_Supplied information_.
• • •

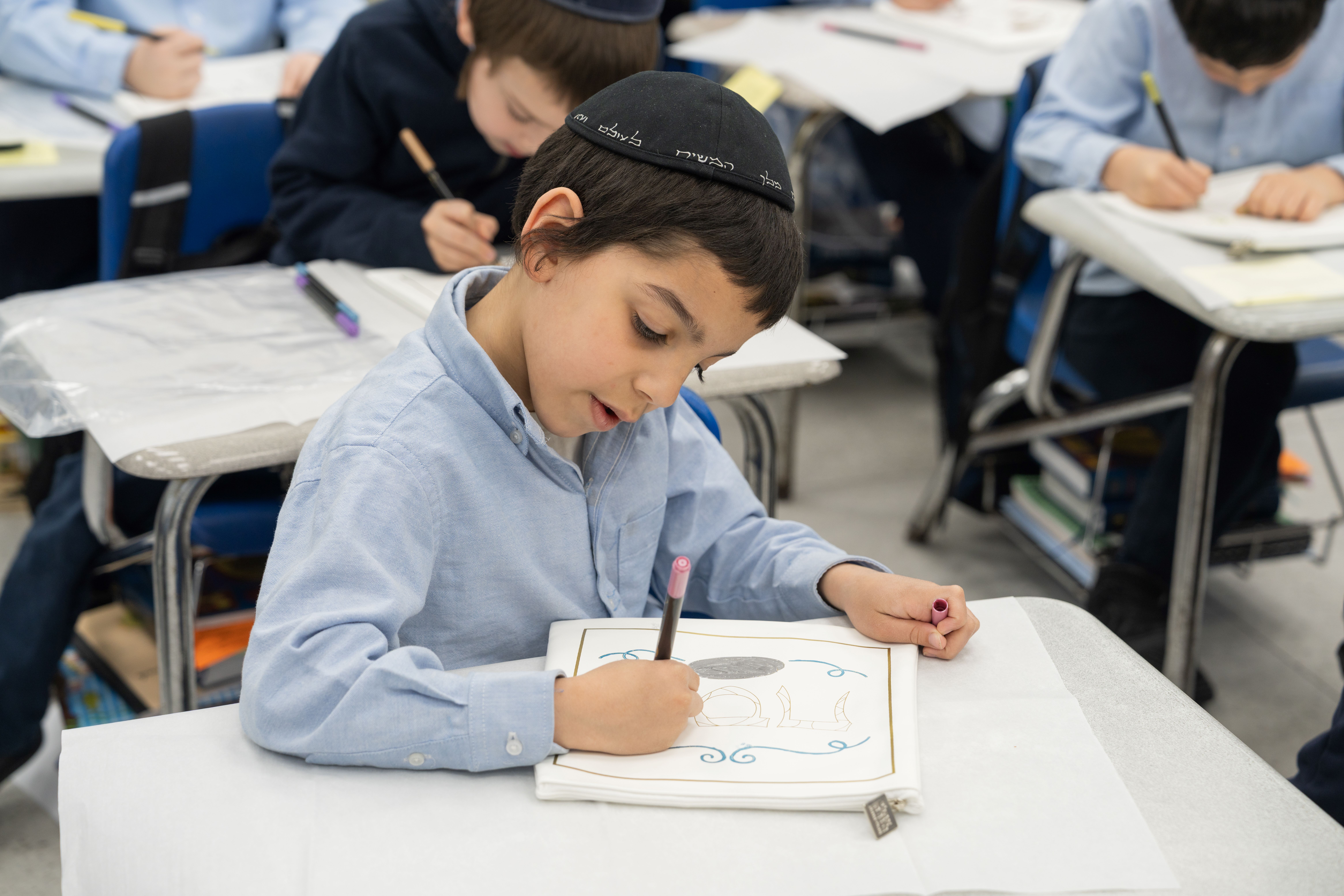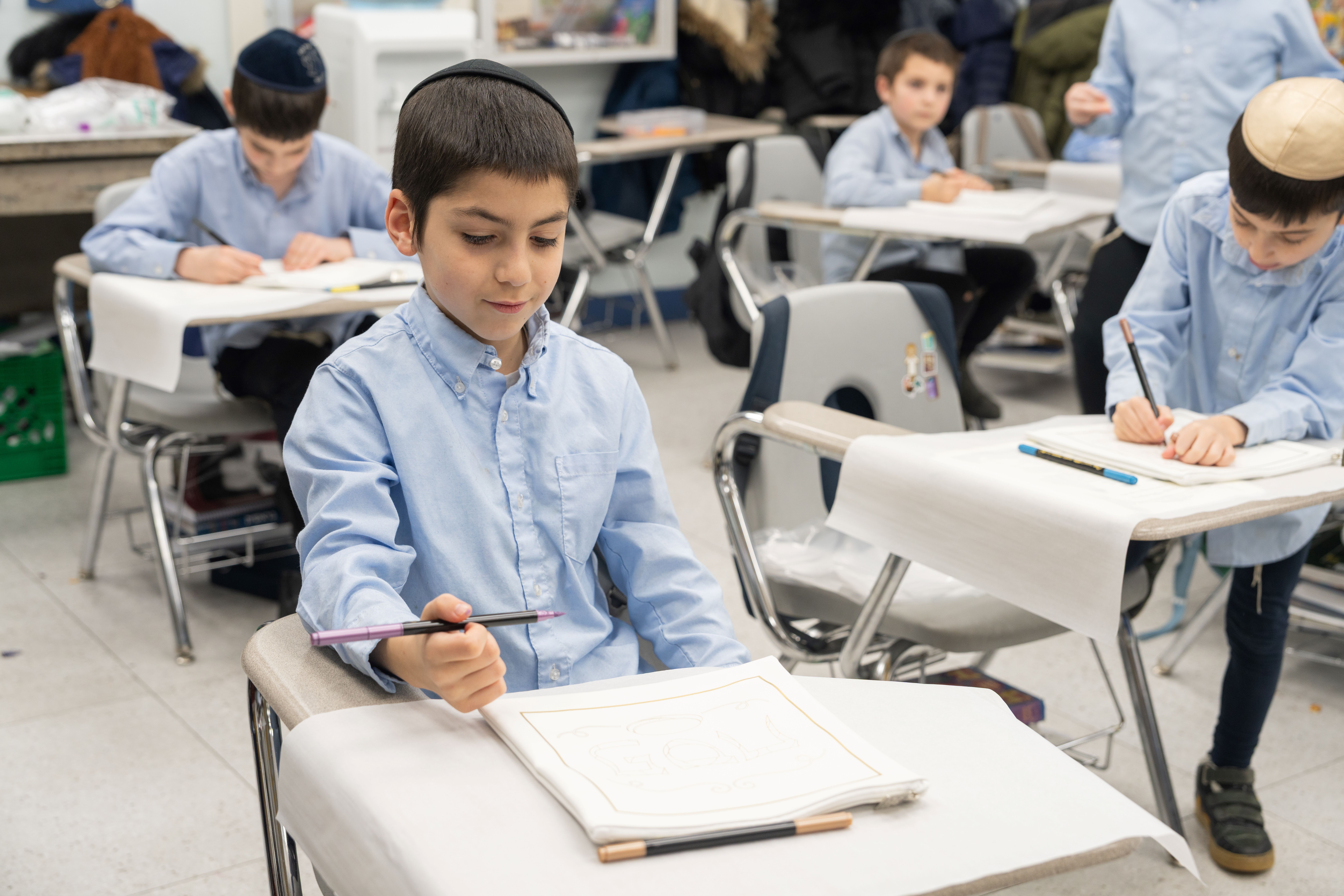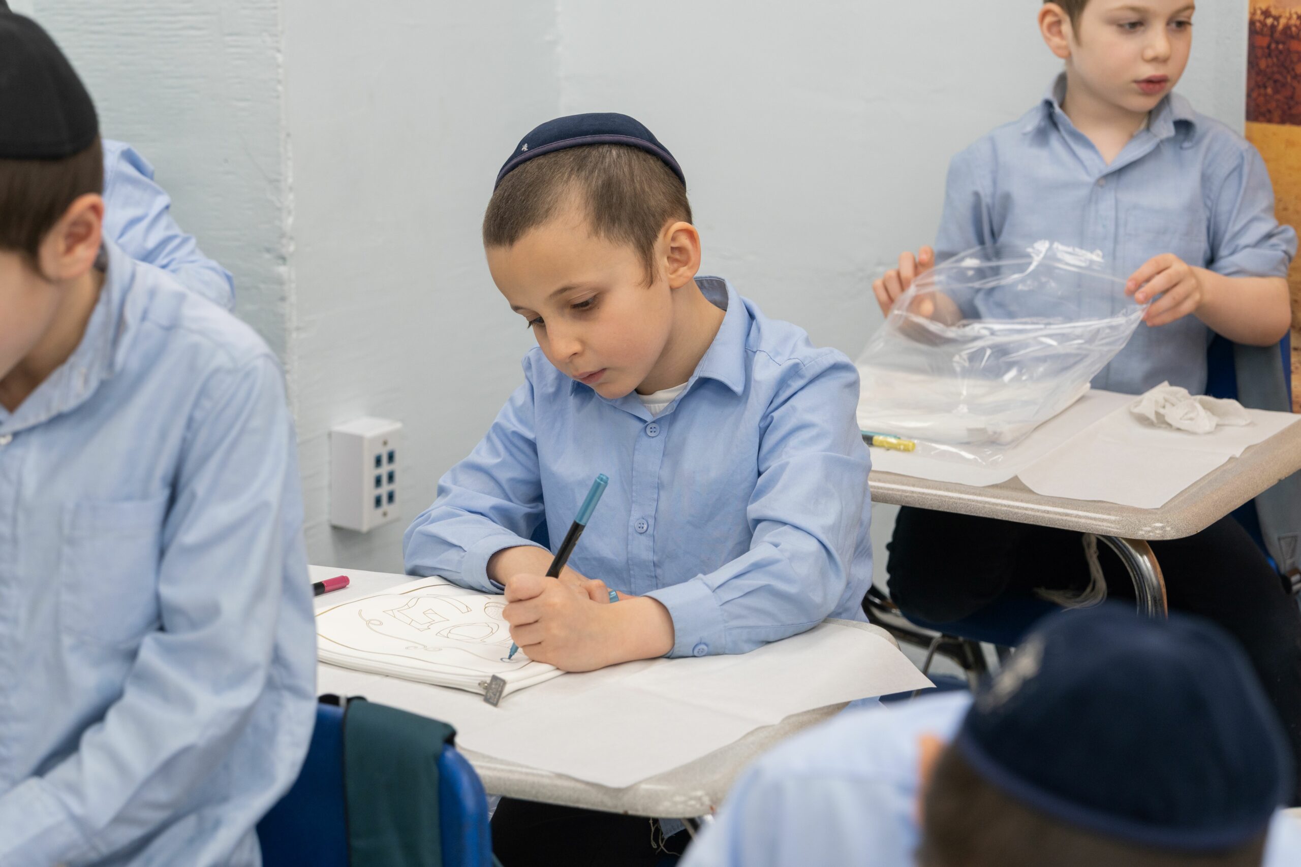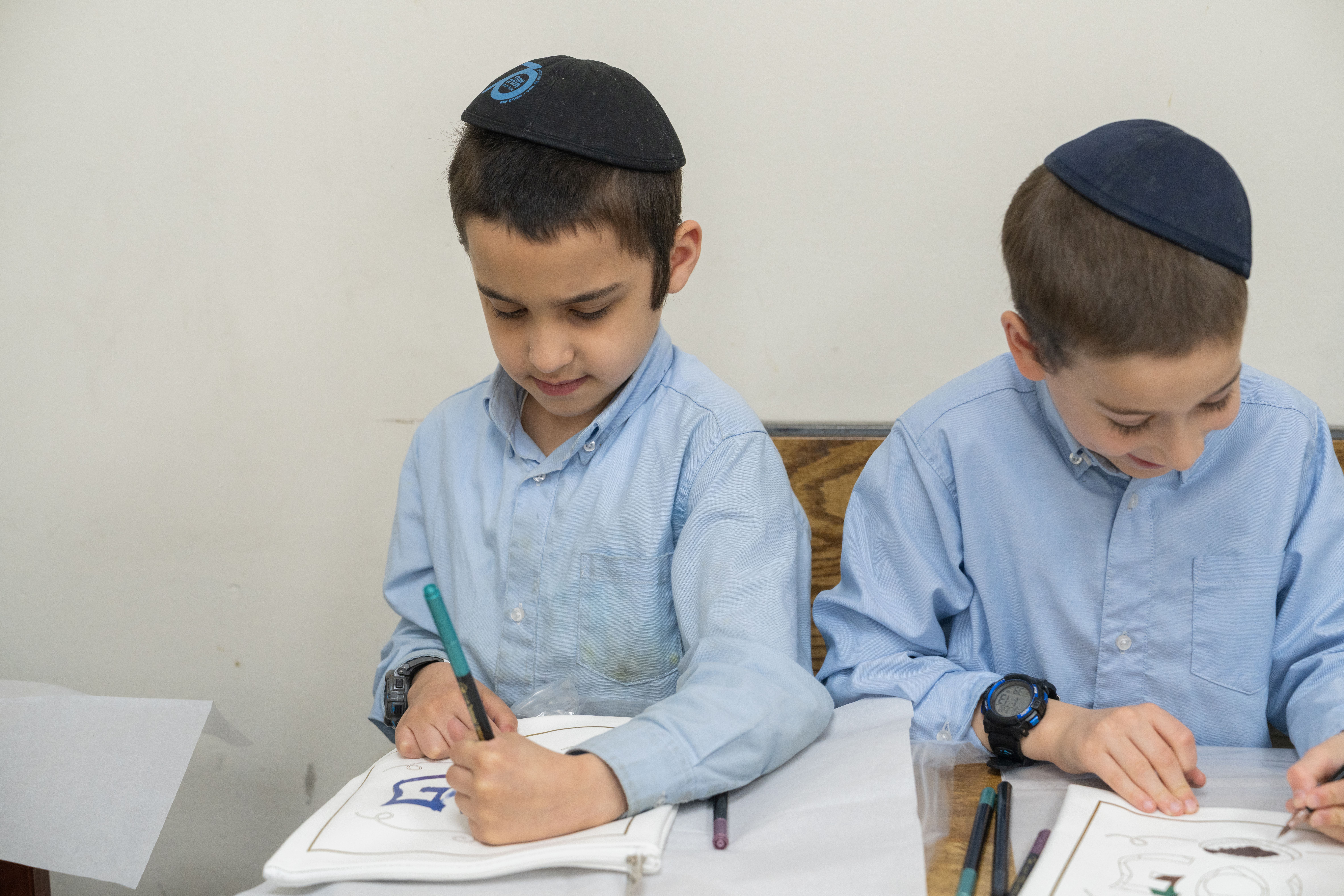 Adding to the excitement, the Oholei Torah Mothers Committee joined the classes for a hands-on Pesach activity, where talmidim decorated their own matzah bags. The project combined creativity with meaning, giving each child a personal keepsake to enhance their Yom Tov experience at home.
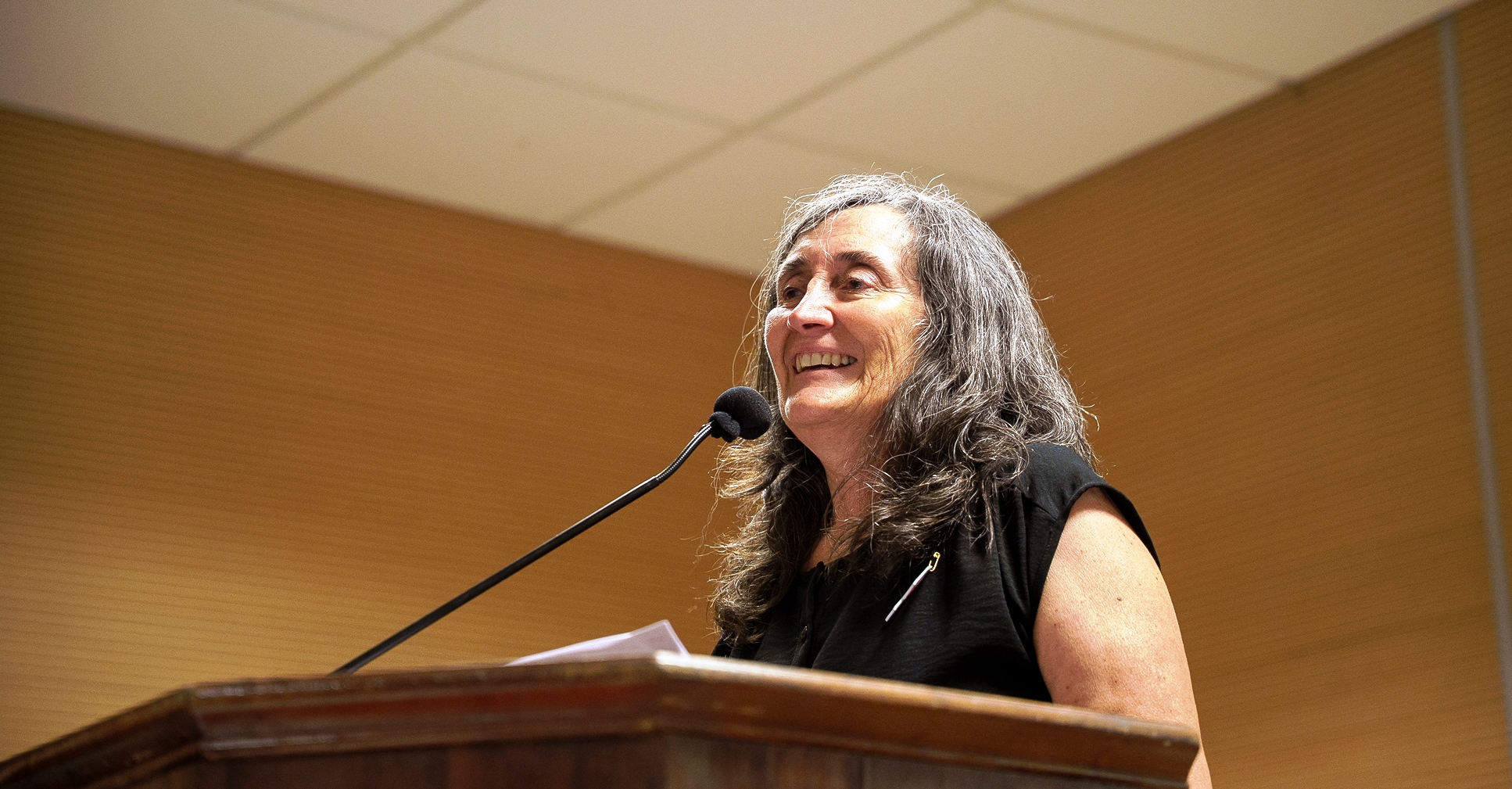 La apasionada voz de Silvia Lonatti, trabajadora nodocente e histórica conductora de actos y colaciones de la FFyH, abrió paso a los discursos de las autoridades que representaban a las instituciones comprometidas en el acto de reparación. La primera en tomar la palabra fue la anfitriona, Alejandra Castro, quien destacó y nombró el trabajo colectivo de toda la comunidad universitaria -docentes, estudiantes, egresados y no docentes-, como así también a las instituciones y personas que hicieron posible esta reparación mediante investigaciones, reconstrucción de historias y acciones simbólicas: “Esto no es solo un trámite administrativo, es un acto político, simbólico y afectivo que busca reivindicar la dignidad de las víctimas. Un hecho de memoria colectiva y de comunidad que busca reconstruir la memoria institucional. Ahora, ¿Qué sentido/s que tienen la reparación de los legajos?, ¿Cómo hacer la transmisión entre generaciones, entre contemporáneos de esta historia, de este legado? ¿Por qué reparar? En primer lugar, cualquier reparación implica reconocer que se ha infligido un daño, un quiebre, sobre un objeto, animado o inanimado, que interrumpe la tarea o relación que éste cumplía. Cuando decidimos reparar es porque queremos nuevamente traerlos a la vida, a la función para la que habían sido concebidos, ponerlos/as a nuestro lado para que sigan estando”.
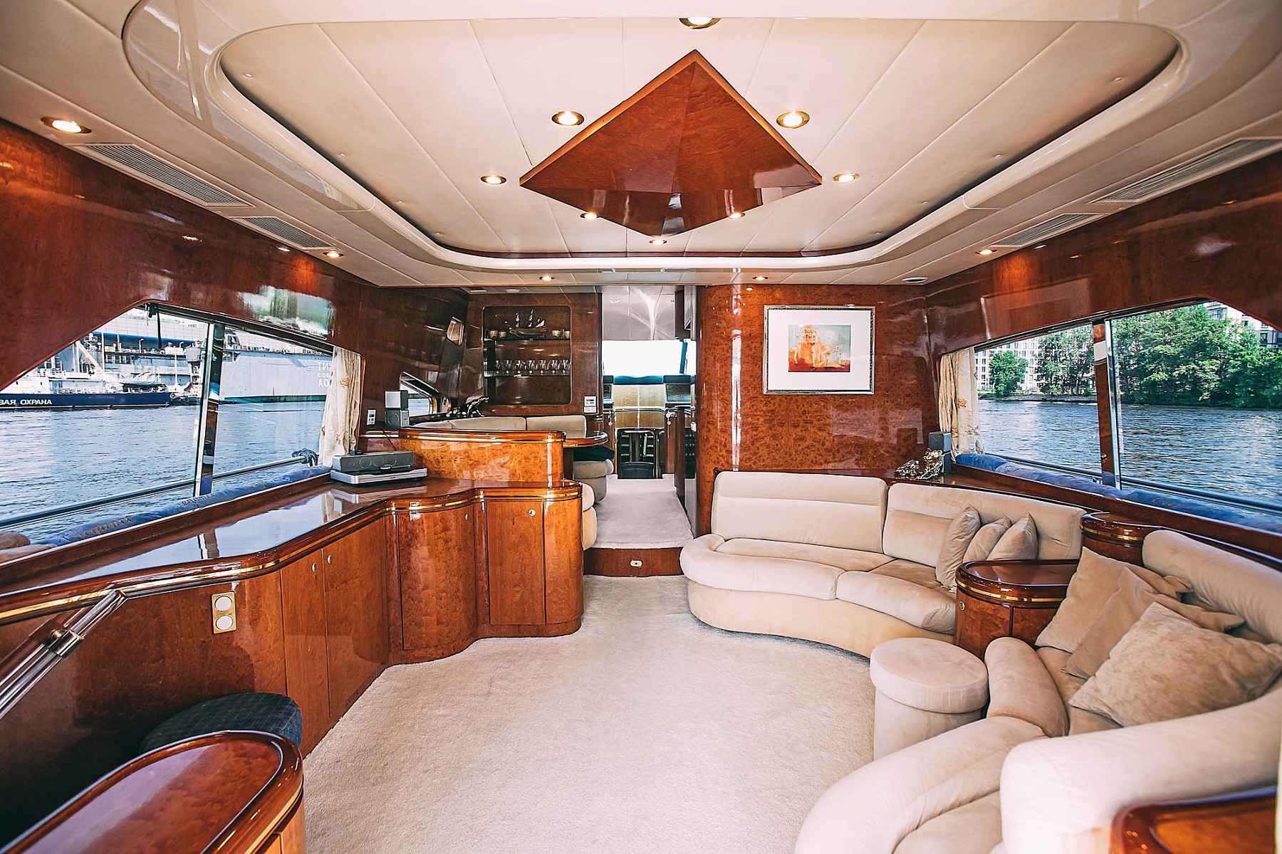 Каждая деталь на борту пропитана изысканностью: отделка из благородного дерева, просторный флайбридж и уютный салон с мягкими диванами и стильными столиками. Для вашего удобства на борту предусмотрена кухня с современной техникой, качественная аудиосистема с Bluetooth, а также два гальюна и уютные теплые пледы для прохладных вечеров.
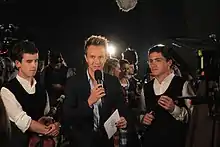 From 2013, he has played host at most of France 3's live performance programs in prime time: International Circus Festival of Monte-Carlo every year since 2013,[24] Le Grand Spectacle du Festival Interceltique de Lorient every summer since 2015,[25] Musiques en Fête live from the Chorégies d'Orange every year since 2017,[26] La Folie Offenbach in January 2018,[27] La Grande Parade des Nations Celtes since 2018.[28]

• • •

Repeat each line of the material exactly, and drop any image it carries.

 Adding to the excitement, the Oholei Torah Mothers Committee joined the classes for a hands-on Pesach activity, where talmidim decorated their own matzah bags. The project combined creativity with meaning, giving each child a personal keepsake to enhance their Yom Tov experience at home.
 La apasionada voz de Silvia Lonatti, trabajadora nodocente e histórica conductora de actos y colaciones de la FFyH, abrió paso a los discursos de las autoridades que representaban a las instituciones comprometidas en el acto de reparación. La primera en tomar la palabra fue la anfitriona, Alejandra Castro, quien destacó y nombró el trabajo colectivo de toda la comunidad universitaria -docentes, estudiantes, egresados y no docentes-, como así también a las instituciones y personas que hicieron posible esta reparación mediante investigaciones, reconstrucción de historias y acciones simbólicas: “Esto no es solo un trámite administrativo, es un acto político, simbólico y afectivo que busca reivindicar la dignidad de las víctimas. Un hecho de memoria colectiva y de comunidad que busca reconstruir la memoria institucional. Ahora, ¿Qué sentido/s que tienen la reparación de los legajos?, ¿Cómo hacer la transmisión entre generaciones, entre contemporáneos de esta historia, de este legado? ¿Por qué reparar? En primer lugar, cualquier reparación implica reconocer que se ha infligido un daño, un quiebre, sobre un objeto, animado o inanimado, que interrumpe la tarea o relación que éste cumplía. Cuando decidimos reparar es porque queremos nuevamente traerlos a la vida, a la función para la que habían sido concebidos, ponerlos/as a nuestro lado para que sigan estando”.
 Каждая деталь на борту пропитана изысканностью: отделка из благородного дерева, просторный флайбридж и уютный салон с мягкими диванами и стильными столиками. Для вашего удобства на борту предусмотрена кухня с современной техникой, качественная аудиосистема с Bluetooth, а также два гальюна и уютные теплые пледы для прохладных вечеров.
 From 2013, he has played host at most of France 3's live performance programs in prime time: International Circus Festival of Monte-Carlo every year since 2013,[24] Le Grand Spectacle du Festival Interceltique de Lorient every summer since 2015,[25] Musiques en Fête live from the Chorégies d'Orange every year since 2017,[26] La Folie Offenbach in January 2018,[27] La Grande Parade des Nations Celtes since 2018.[28]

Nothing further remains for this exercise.